Если угодно, можно рассматривать весь этот комико-эротический жанр: повествование, песенку, фарс - как дикую поросль, появлявшуюся на стволе эпиталамы. Однако связь их с возможным источником давно потеряна, сами по себе они стали литературным жанром, комическое воздействие сделалось самостоятельной целью. Только вид комического остается здесь тем же, что и в эпиталаме: он основывается по большей части на символическом обозначении предметов, имеющих сексуальный характер, или же на травестийном описании половой любви в терминах различных ремесел. Почти каждое ремесло или занятие ссужало своей лексикой эротические аллегории - тогда с этим обстояло дело так же, как и всегда. Естественно, что в XIV-XV вв. такой материал давали прежде всего турниры, охота и музыка8. Трактовка любовных историй в форме судебных тяжб, как это имеет место в Arrestz d'amour [Приговорах любви], фактически не подпадает под категорию травести. Имелась, однако, другая область, особенно любимая для воплощения эротического: сфера церковного. Выражение сексуального в терминах церковного культа практиковалось в Средние века с особенной легкостью. Cent nouvelles nouvelles употребляют в неприличном смысле лишь такие слова, как «b?nir» или «confesser», либо игру слов «saints» и «seins»9*, что повторяется неустанно.
116
Однако при более утонченном подходе церковно-эротические аллегории развиваются в самостоятельную литературную форму. Это поэтический круг чувствительного Шарля Орлеанского, который несчастную любовь облекает в формы монашеской аскезы, литургии и мученичества: поэты именуют себя, в соответствии с незадолго перед тем проведенной реформой францисканского ордена, «les amoureux de l'observance»10*. Здесь возникает как бы иронический pendant к неизменной серьезности dolce stil nuovo. Святотатственная тенденция, однако, наполовину смягчается проникновенностью чувства влюбленности.
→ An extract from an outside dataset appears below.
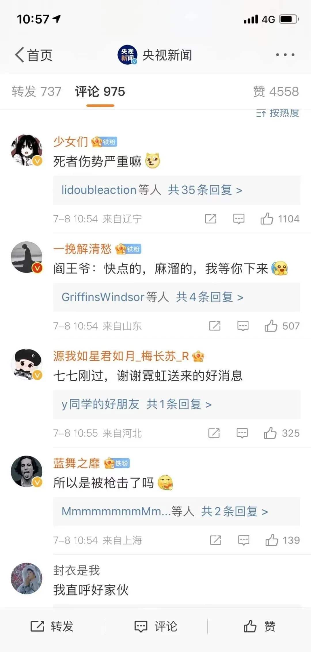 对这种,数次惹怒中国人民的日本领导人被击毙,网友们一时无法控制自己的情绪,贡献了很多精彩的评论

«Ce sont ici les dix commendemens, Vray Dieu d'amours...» [«Вот десять заповедей, Боже правый Утех любовных...»]
Так происходит снижение десяти заповедей. Или же обета, данного на Евангелии:
«Lors m'appella, et me fist les mains mettre Sur ung livre, en me faisant promettre Que feroye loyaument mon devoir Des points d'amour...»9 [«Призвавши, руки повелела дать, На книгу возложить и обещать, Что долг свой буду свято я блюсти В делах любви...»]
Поэт говорит об умершем влюбленном:
«Et j'ay espoir que brief ou paradis Des amoureux sera moult hault assis, Comme martir et tr?s honnor? saint» [«Надеюсь я, сподобится он рая Влюбленных, где, высоко восседая, Как мученик пребудет и святой»].
И о своей собственной умершей возлюбленной:
«J'ay fait l'obs?que de ma dame Dedens le moustier amoureux, Et le service pour son ?me A chant? Penser doloreux. Mains sierges de Soupirs piteux Ont est? en son luminaire, Aussi j'ay fait la tombe faire De Regrets...»10 [«Ее на пышном расставанье В святой обители влюбленных Отпело Скорбно Вспоминанье; И множество свечей зажженных, Из горьких Вздохов сотворенных, Там было, свет дабы излить. Ей гроб велел я сотворить Из Пеней...»]
Исполненное чистоты стихотворение L'amant rendu cordelier de l'observance d'amour [Влюбленный, ставший монахом по уставу любви], обстоятельно описывающее вступление неутешного влюбленного в монастырь мучеников любви, с совершенством разрабатывает смягченно-комический эффект, обещанный церковными травести. Не выглядит ли это так, словно эротическое вновь, хотя и каким-то извращенным способом, вынуждено искать со священным контакт, который давно уже был утрачен?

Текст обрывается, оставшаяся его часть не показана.